An Elastic Net Regression Model for Identifying Long COVID Patients Using Health Administrative Data: A Population-Based Study

Open Forum Infect Dis. 2022 Nov 24;9(12):ofac640. doi: 10.1093/ofid/ofac640. eCollection 2022 Dec.

Abstract

Background: Long coronavirus disease (COVID) patients experience persistent symptoms after acute severe acute respiratory syndrome coronavirus 2 (SARS-CoV-2) infection. Healthcare utilization data could provide critical information on the disease burden of long COVID for service planning; however, not all patients are diagnosed or assigned long COVID diagnostic codes.
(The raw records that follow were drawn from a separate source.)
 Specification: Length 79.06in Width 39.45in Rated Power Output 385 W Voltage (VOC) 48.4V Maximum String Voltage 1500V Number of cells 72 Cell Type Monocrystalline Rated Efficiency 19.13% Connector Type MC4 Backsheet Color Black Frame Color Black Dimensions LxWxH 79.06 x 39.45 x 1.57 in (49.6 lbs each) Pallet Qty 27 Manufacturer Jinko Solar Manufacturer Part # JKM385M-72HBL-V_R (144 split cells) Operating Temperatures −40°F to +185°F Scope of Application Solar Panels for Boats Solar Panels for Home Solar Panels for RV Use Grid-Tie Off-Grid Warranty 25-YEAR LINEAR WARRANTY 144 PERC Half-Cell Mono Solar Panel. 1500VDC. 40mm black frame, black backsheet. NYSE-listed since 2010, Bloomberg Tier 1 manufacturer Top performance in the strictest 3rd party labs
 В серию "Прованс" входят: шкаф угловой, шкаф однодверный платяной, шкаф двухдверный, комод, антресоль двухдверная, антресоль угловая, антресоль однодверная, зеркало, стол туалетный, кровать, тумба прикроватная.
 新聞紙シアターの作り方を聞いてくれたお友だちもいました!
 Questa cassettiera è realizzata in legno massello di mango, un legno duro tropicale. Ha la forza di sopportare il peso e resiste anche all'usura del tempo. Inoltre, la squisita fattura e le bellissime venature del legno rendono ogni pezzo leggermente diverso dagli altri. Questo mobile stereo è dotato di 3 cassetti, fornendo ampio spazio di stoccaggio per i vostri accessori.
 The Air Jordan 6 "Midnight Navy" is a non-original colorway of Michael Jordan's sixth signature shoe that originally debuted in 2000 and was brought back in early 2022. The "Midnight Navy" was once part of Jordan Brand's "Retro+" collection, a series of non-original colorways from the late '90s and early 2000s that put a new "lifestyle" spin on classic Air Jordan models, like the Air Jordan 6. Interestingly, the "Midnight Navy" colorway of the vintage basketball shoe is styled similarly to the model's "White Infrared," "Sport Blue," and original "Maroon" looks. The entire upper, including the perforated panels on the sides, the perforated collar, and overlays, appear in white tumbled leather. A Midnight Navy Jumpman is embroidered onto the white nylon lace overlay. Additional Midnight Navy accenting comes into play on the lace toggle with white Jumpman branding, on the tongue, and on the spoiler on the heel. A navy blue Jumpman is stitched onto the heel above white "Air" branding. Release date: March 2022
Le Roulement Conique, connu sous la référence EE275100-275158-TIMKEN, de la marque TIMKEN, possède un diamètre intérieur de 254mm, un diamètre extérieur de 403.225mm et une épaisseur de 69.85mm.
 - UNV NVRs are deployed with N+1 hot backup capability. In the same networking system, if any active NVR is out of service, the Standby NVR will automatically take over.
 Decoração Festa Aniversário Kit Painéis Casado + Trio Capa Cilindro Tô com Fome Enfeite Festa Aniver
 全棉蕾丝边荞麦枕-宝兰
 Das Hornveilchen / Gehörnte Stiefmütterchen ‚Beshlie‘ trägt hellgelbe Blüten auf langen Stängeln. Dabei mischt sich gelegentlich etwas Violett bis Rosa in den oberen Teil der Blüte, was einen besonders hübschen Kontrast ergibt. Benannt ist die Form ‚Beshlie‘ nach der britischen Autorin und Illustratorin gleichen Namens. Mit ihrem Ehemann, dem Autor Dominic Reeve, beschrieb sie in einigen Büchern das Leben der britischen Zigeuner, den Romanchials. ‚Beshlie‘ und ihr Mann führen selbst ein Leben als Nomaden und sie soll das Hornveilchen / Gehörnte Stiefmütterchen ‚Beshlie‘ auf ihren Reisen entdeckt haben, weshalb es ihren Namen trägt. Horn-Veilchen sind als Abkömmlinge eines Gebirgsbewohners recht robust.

We developed an algorithm to identify individuals with long COVID using population-level health administrative data from British Columbia (BC), Canada.

Methods: An elastic net penalized logistic regression model was developed to identify long COVID patients based on demographic characteristics, pre-existing conditions, COVID-19-related data, and all symptoms/conditions recorded >28-183 days after the COVID-19 symptom onset/reported (index) date of known long COVID patients (n = 2430) and a control group (n = 24 300), selected from all adult COVID-19 cases in BC with an index date on/before October 31, 2021 (n = 168 111). Known long COVID cases were diagnosed in a clinic and/or had the International Classification of Diseases, Tenth Revision, Canada (ICD-10-CA) code for "post COVID-19 condition" in their records.

Results: The algorithm retained known symptoms/conditions associated with long COVID, demonstrating high sensitivity (86%), specificity (86%), and area under the receiver operator curve (93%). It identified 25 220 (18%) long COVID patients among the remaining 141 381 adult COVID-19 cases, >10 times the number of known cases. Known and predicted long COVID patients had comparable demographic and health-related characteristics.

Conclusions: Our algorithm identified long COVID patients with a high level of accuracy. This large cohort of long COVID patients will serve as a platform for robust assessments on the clinical course of long COVID, and provide much needed concrete information for decision-making.

Keywords: long COVID; post-COVID-19 condition; post-acute COVID-19 syndrome; post-acute sequelae of COVID-19.